Calculating CSRS Annuity
Calculate your future CSRS annuity by using several methods. First figure your High-3 salary, or the highest average pay you were receiving during a three-year period of your post office service. The amount of a basic CSRS annuity after your first five years of post office service is 1.5 percent of your High-3 salary. After an additional five years, it's 1.75 percent. For all years of service after 10 years, it's 2 percent. For a disability retirement annuity, it's 40 percent of your High-3 salary.
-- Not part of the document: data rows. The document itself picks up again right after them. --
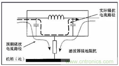 許多設(shè)備的電源線進(jìn)入機(jī)箱后,經(jīng)過很長的導(dǎo)線才接到濾波器的輸入端。例如,電源線從機(jī)箱后面板輸入,走行到前面板的電源開關(guān),又回到后面板接到濾波器?;蛘邽V波器的安裝位置距離電源線入口較遠(yuǎn),造成引線太長(如圖1所示)。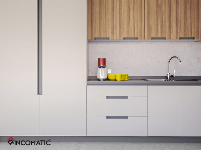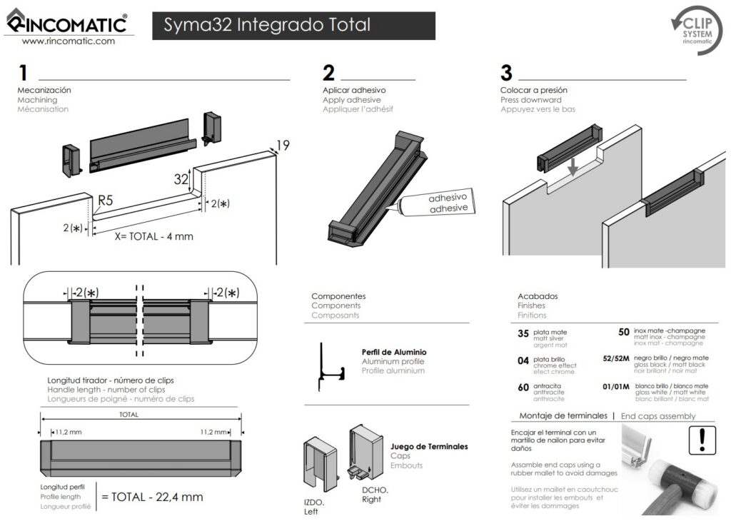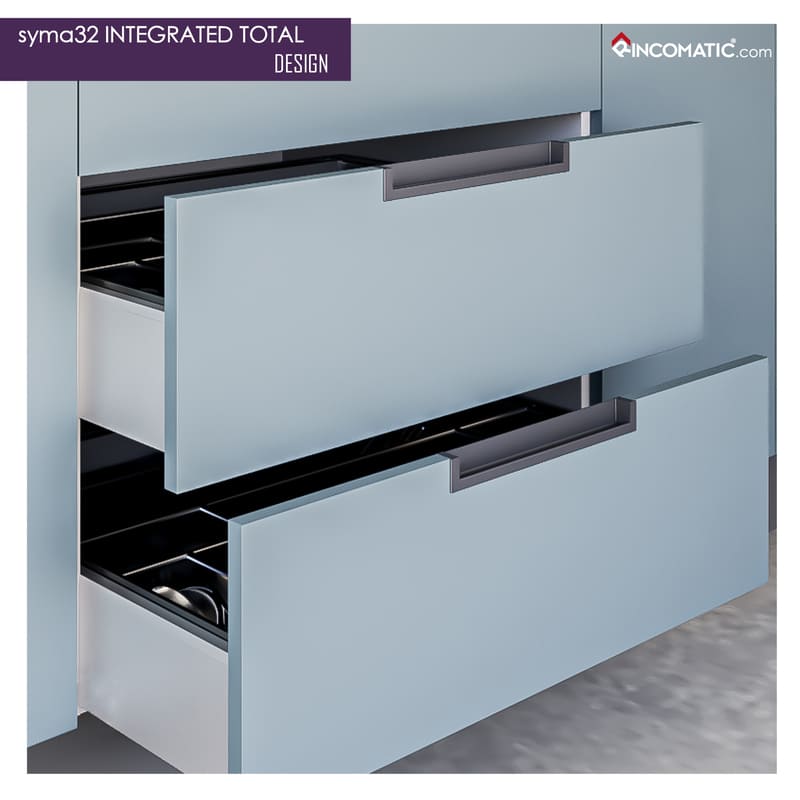 SYMA32 Integrado TOTAL, wyróżnia się nie tylko innowacyjnym montażem, ale także nowoczesnym designem. Składa się on z profilu krawędziowego oraz dwóch zaślepek, które montuje się wewnątrz krawędzi frontu. Dzięki temu produkt ten doskonale komponuje się ze współczesnymi stylami i zapewnia przyjemną estetykę.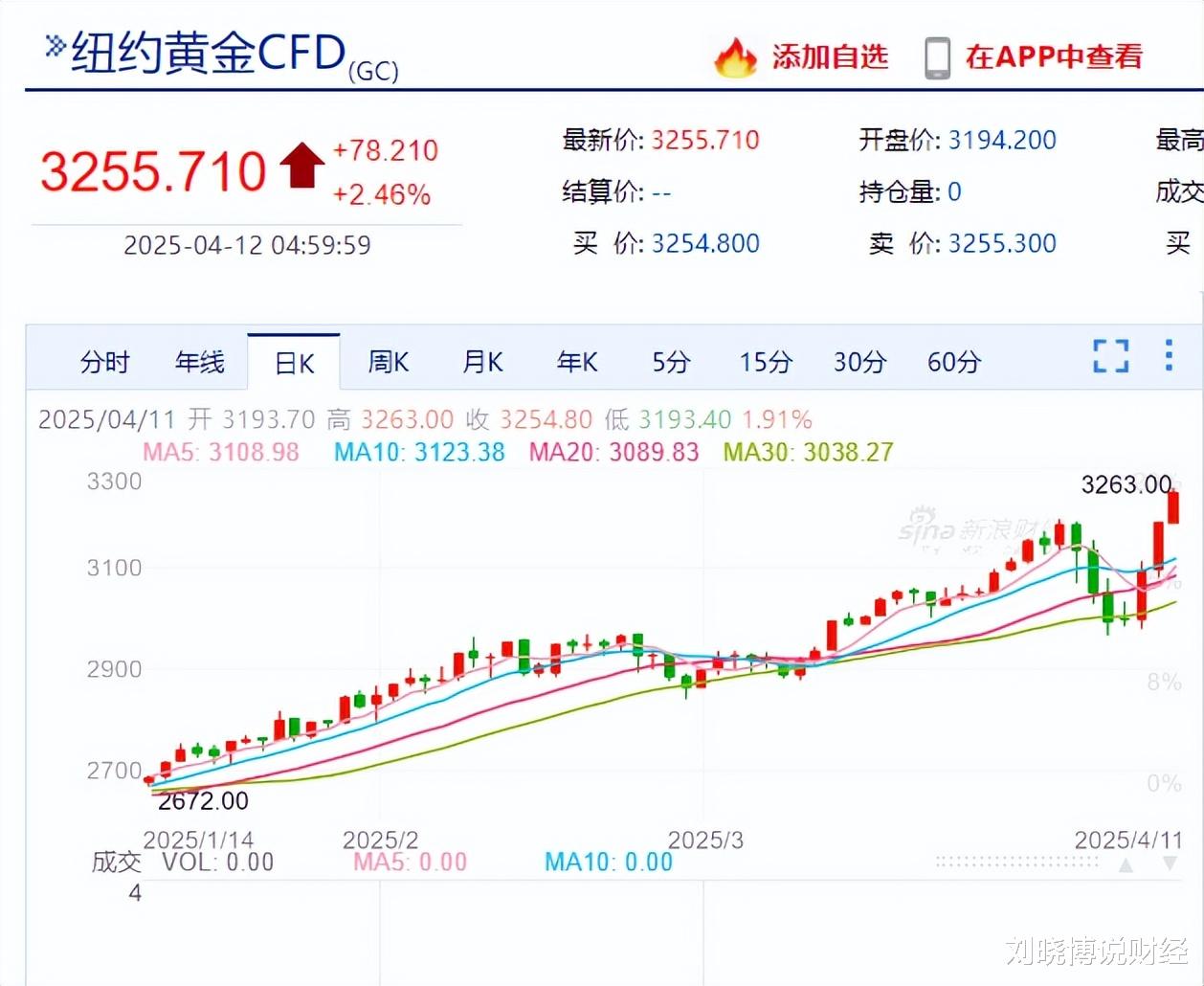 最近几天金价再次飙升,于昨天创出了每盎司3263美元的新高。

The maximum CSRS annuity available is 80 percent of your High-3 salary, plus sick leave credits.
Calculating FERS Annuity
Your High-3 salary is also applicable in calculating your FERS annuity. For a basic annuity, it's 1 percent of your High-3 salary if under age 62, or age 62 and older with less than 20 years with the post office. If you are 62 or older with 20 years or more of post office service, figure 1.1 percent of your High-3 salary. Reduce 5/12 of 1 percent off your annuity each month if retiring before age 62 with 10 or more years with the post office. There are no reductions if you have 30 years of post office service or 20 years of service when retiring at age 60. For a disability annuity after age 62, figure 1 percent of your High-3 salary if 20 years with the post office and 1.1 percent of High-3 salary with more than 20 years of service.